The day before, Nicole Washington said she stood transfixed as old-school legend Doug E. Fresh commandeered the same stage during the “Men of Hip-Hop” night. “I will go to see him when he comes to Detroit if I have to see him by myself,” she said, amazement stenciled across her face.
This is the Tom Joyner cruise at its finest, where old school and new school meet at the intersection of cultural cohesiveness.
Sure, you might get a taste of new school-old school here and there, like when Alicia Keys invited TLC and others onstage at the BET Awards a few years back. But nowhere else in American society does old school and new school music come together so powerfully, regularly and seamlessly as they do on this vast vacation vessel. Here in the Gulf of Mexico, old school and new school pass the mic to each other in a generational hand off of mutual respect and admiration. But this ain’t the first time this has happened, folks. Tom Joyner has been going hard in the paint from a music standpoint for a dozen years running.

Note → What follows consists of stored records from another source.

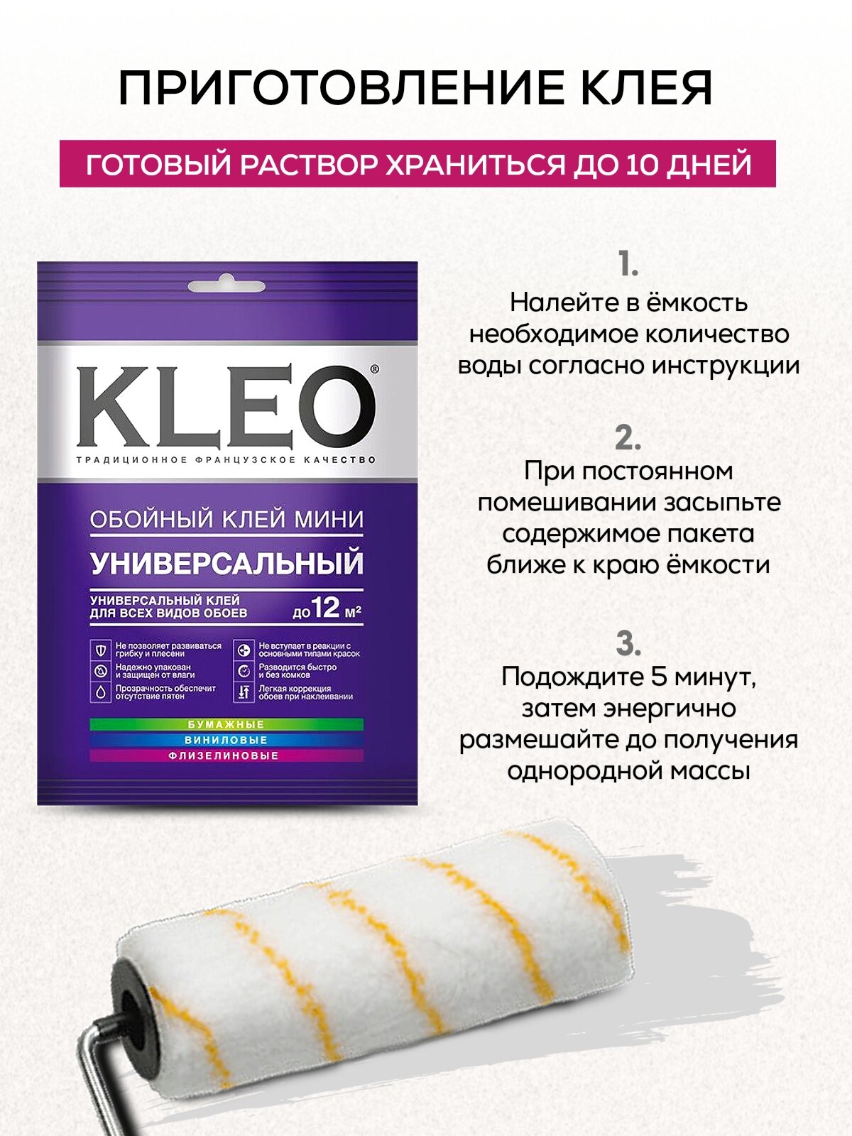 Клей для обоев KLEO MINI на 12 кв.м, обойный клей универсальный для всех видов флизелиновых, виниловых и бумажных обоев 60г. интересное:
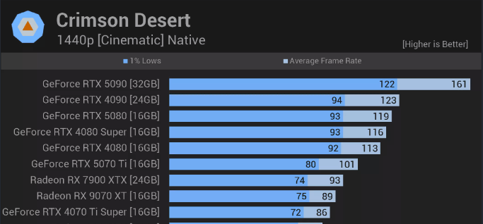 Corrections: there are two errors in the graphs. The first is the RTX 5080 in the 1440p Cinematic graph, it should be 119 fps. The second error is the RTX 4060 in the 4K graph, it should be just 18 fps. We will update and correct this info for the written version on TechSpot. 448
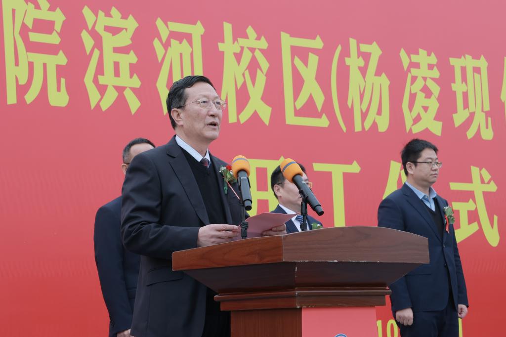 刘建林在讲话中指出,杨凌职业技术学院作为陕西首所挂牌成立的高职院校,长期以来,在省委、省政府的坚强领导下,高举农业职教改革旗帜,坚持立德树人根本,坚守强农兴农使命,积极守正创新、担当作为,各项事业取得的发展有目共睹,是我省乃至全国高职教育的一面旗帜。滨河校区的开工建设,是学校发展史上具有里程碑意义的一件大事,也是我省职业教育的一件喜事,更是我省贯彻落实党中央、国务院关于大力发展现代职业教育的重大举措。希望学校以此为契机,紧抓发展机遇,汇聚办学力量,努力把滨河校区打造成政、行、企、校四方合作的典范;主动对接国家和我省重大发展战略,集聚创新资源,加大科研攻关,发挥自身优势,为社会培养更多高素质技术技能人才、能工巧匠、大国工匠,更好服务区域经济社会发展,为谱写新征程上陕西高质量发展新篇章作出更大贡献。希望杨凌示范区党工委、管委会继续给予学校大力支持和帮助,推动学校在中国特色高水平高职学校建设和助力中国式现代化的新征程上迈上新台阶、展现新作为。他表示,省委教育工委、省教育厅将一如既往支持学校朝着建设“中国特色、世界一流职业大学”目标奋勇前进。
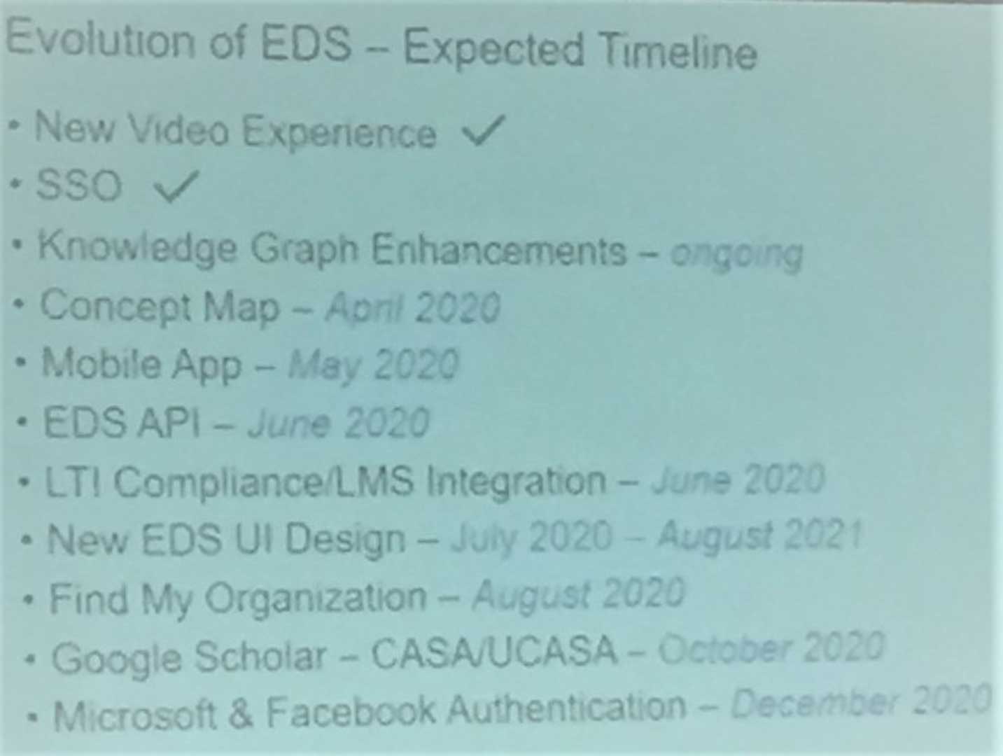 - 1. Evolution of EDS บริษัท EBSCO ได้พัฒนาระบบ EDS โดยได้วางแผนงานตามระยะเวลาที่คาดว่าจะดำเนินการแล้วเสร็จ ดังนี้
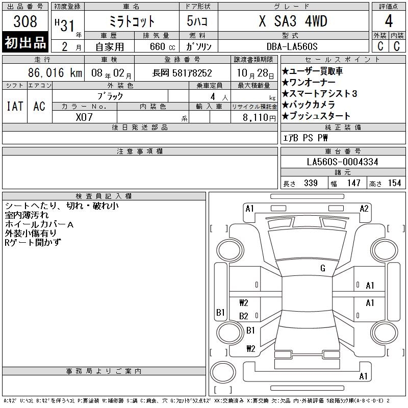DAIHATSU MIRA TOCOT X SA3 4WD - лот 308
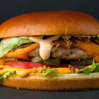 Булочка бриошь, креветки, салат айсберг, помидор, свежий огурец, сыр чеддер, соус сливочная паприка.
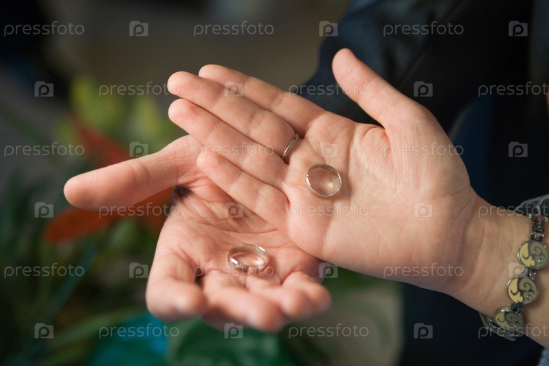 Свадьба. Руки новобрачных держат кольца
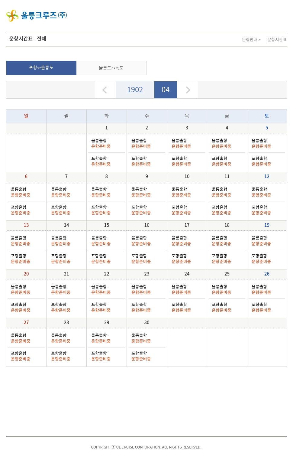 날짜별 일정 확인 1902년 04월 4232건, 본 데이터는 일요일, 월요일, 화요일, 수요일, 목요일, 금요일, 토요일로 구성되어 있습니다.

My first year on the TJFV three years ago, a couple of thousand blacks rolled off the ship and spilled into the Coliseum in San Juan, Puerto Rico, to watch new-school artist John Legend perform ahead of old-school comic Cedric the Entertainer. Then we all piled back onto the ship to watch Frankie Beverly and Maze serenade the ladies.
And it’s happening again. On the deck of the ship, new-school star LisaRaye gyrates to the beats of turntable wizard Biz Markie. Media personalities Jeff Johnson and Jacque Reid are mixing it up on panel discussions. And, always in the audience, 20- and 30-somethings are sitting next to 50- and 60-year-olds like they are members of the same family.